У меня будет случай описать другие путешествия в пироге, которые лучше сохранились в памяти, чем это. Итак, я сразу перехожу к описанию недели, потраченной на то, чтобы подняться по течению реки, вздувшейся от ежедневных дождей. Однажды мы обедали на песчаном берегу, когда услышали шорох: это был боа длиной в семь метров, которого разбудили наши разговоры. Понадобилось немало пуль, чтобы справиться с ним, так как эти животные не реагируют на ранения в тело: нужно суметь попасть в голову. Сдирая с него шкуру – это заняло полдня, – мы обнаружили в утробе дюжину малышей, готовых родиться и уже живых, но их погубили солнечные лучи. И вот в один прекрасный день, сразу после успешной охоты на зверя ирара, разновидность барсука, мы заметили две обнаженные фигуры, которые двигались по берегу – первые, встреченные нами бороро. Мы подошли и попытались говорить: они знают только одно португальское слово «fumo» – «табак», которое они произносят как «sumo» (не говорили ли первые миссионеры, что индейцы живут «sans foi, sans loi, sans roi» – «без веры, без закона, без короля», – потому что в их фонетике нет ни «f», ни «l», ни «r»?). И хотя они сами занимаются земледелием, но их продукт не имеет богатого вкуса ферментированного и скрученного жгутами табака, которым мы их щедро снабжаем. Мы объяснили им жестами, что направляемся к их деревне. Бороро дали нам понять, что доберемся мы туда тем же вечером, сами они пойдут впереди, чтобы сообщить о нас. Затем индейцы скрылись в лесу.

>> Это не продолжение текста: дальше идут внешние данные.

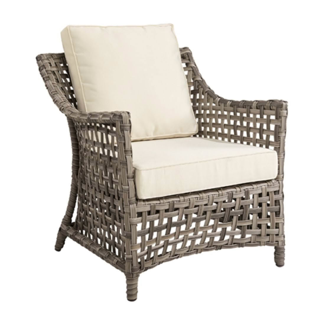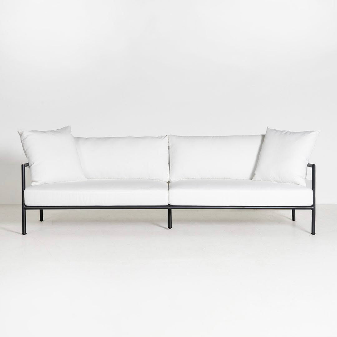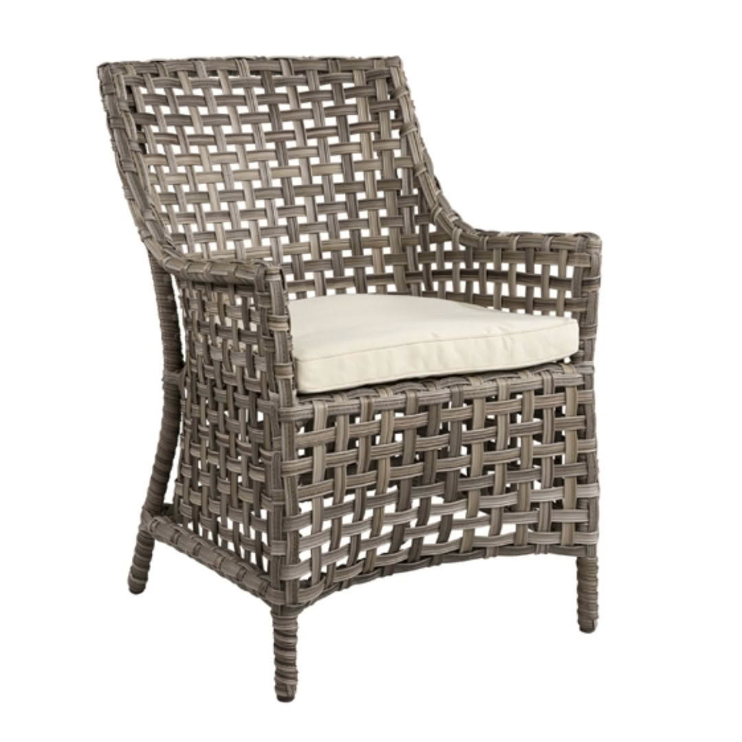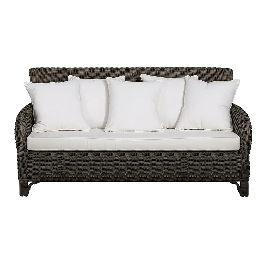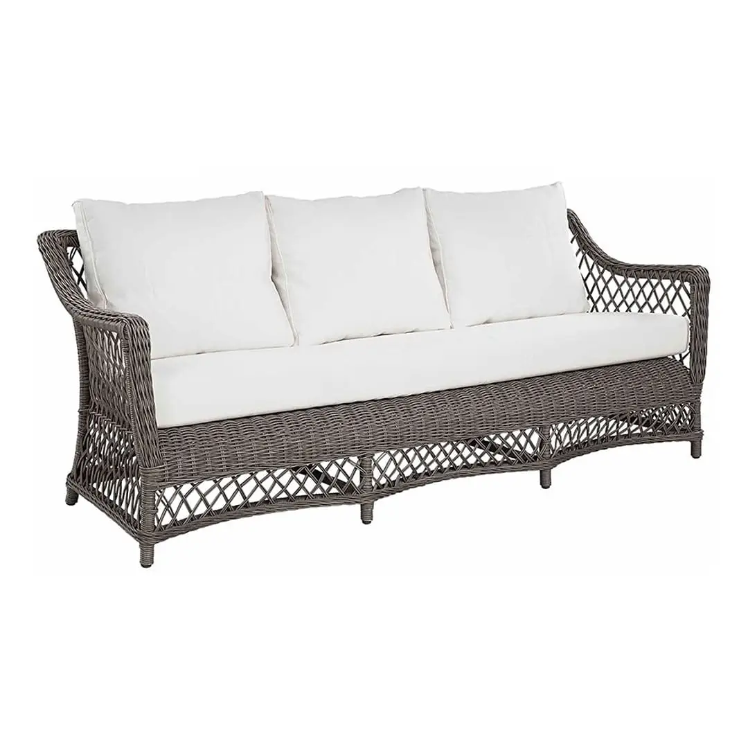 Gray wicker sofa with white cushions

Через несколько часов мы причалили к глинистому берегу, там, где наверху виделись хижины. Полдюжины голых людей, выкрашенных красной краской уруку от пальцев ног и до кончиков волос, встретили нас взрывами смеха, помогли сойти на берег и перенести багаж. И вот мы уже в большой хижине, где проживают несколько семей; глава деревни освободил для нас угол; сам он будет жить во время нашего пребывания на другой стороне реки.
XXII. Добрые дикари
С чего начать и как описать эти сильные и смутные чувства, которые охватывают по прибытии в деревню индейцев бороро, культура которых осталась относительно нетронутой? Деревушки племен кайнканг и кадиувеу внешне напоминают соседние крестьянские поселки, но отличаются какой-то особенной нищетой, вызывающей отвращение и уныние. Но когда оказываешься лицом к лицу с еще живым и преданным своим традициям обществом, потрясение настолько сильно, что приводит в замешательство: за какую из тысячи нитей потянуть этот разноцветный клубок, чтобы наконец распутать его? Путешествие к бороро было моим первым опытом подобного рода. Я испытал похожие ощущения не так давно, взбираясь на вершину высокого холма в деревне куки у бирманской границы. В течение нескольких часов я карабкался по склону, превращенному в скользкую грязь под проливными муссонными дождями, испытывая физическое истощение, голод, жажду и, конечно, непреодолимое волнение. Но физическая усталость отступила при виде этих форм и цветов: жилища, несмотря на хрупкость, казались величественными из-за своего размера. Эти дома скорее не построены, а связаны, сотканы, вышиты и обжиты в течение долгого времени. Вместо того чтобы давить на своего обитателя безликой каменной массой, они податливо реагируют на его присутствие и передвижения. В отличие от наших домов, они подчинены человеку. Деревня окружает своих жителей как легкая и гибкая броня. Она больше похожа на шляпы наших женщин, нежели на наши города: монументальный убор, украшенный арками и орнаментом в виде листьев, в которых искусные строители сумели совместить природную легкость с четко разработанным планом.
Нагота жителей кажется защищенной бархатом травянистых склонов и бахромой пальм: они выскальзывают из своих жилищ, как будто сбрасывают гигантские пеньюары, отделанные страусовыми перьями. Смуглость их стройных тел подчеркивается яркостью грима и раскрасок – фона, предназначенного подчеркнуть более роскошные украшения: крупные блестящие клавиши зубов и клыки диких животных, соединенные с перьями и цветами. Как будто целая цивилизация в порыве страстной нежности создала эти формы, материалы и цвета жизни, чтобы украсить человеческие тела и воплотить в них свою самую богатую сущность, обращаясь – среди всех своих творений – к тем, которые в высшей степени прочны или же недолговечны, но которые, по воле случая, являются ее особенными носителями.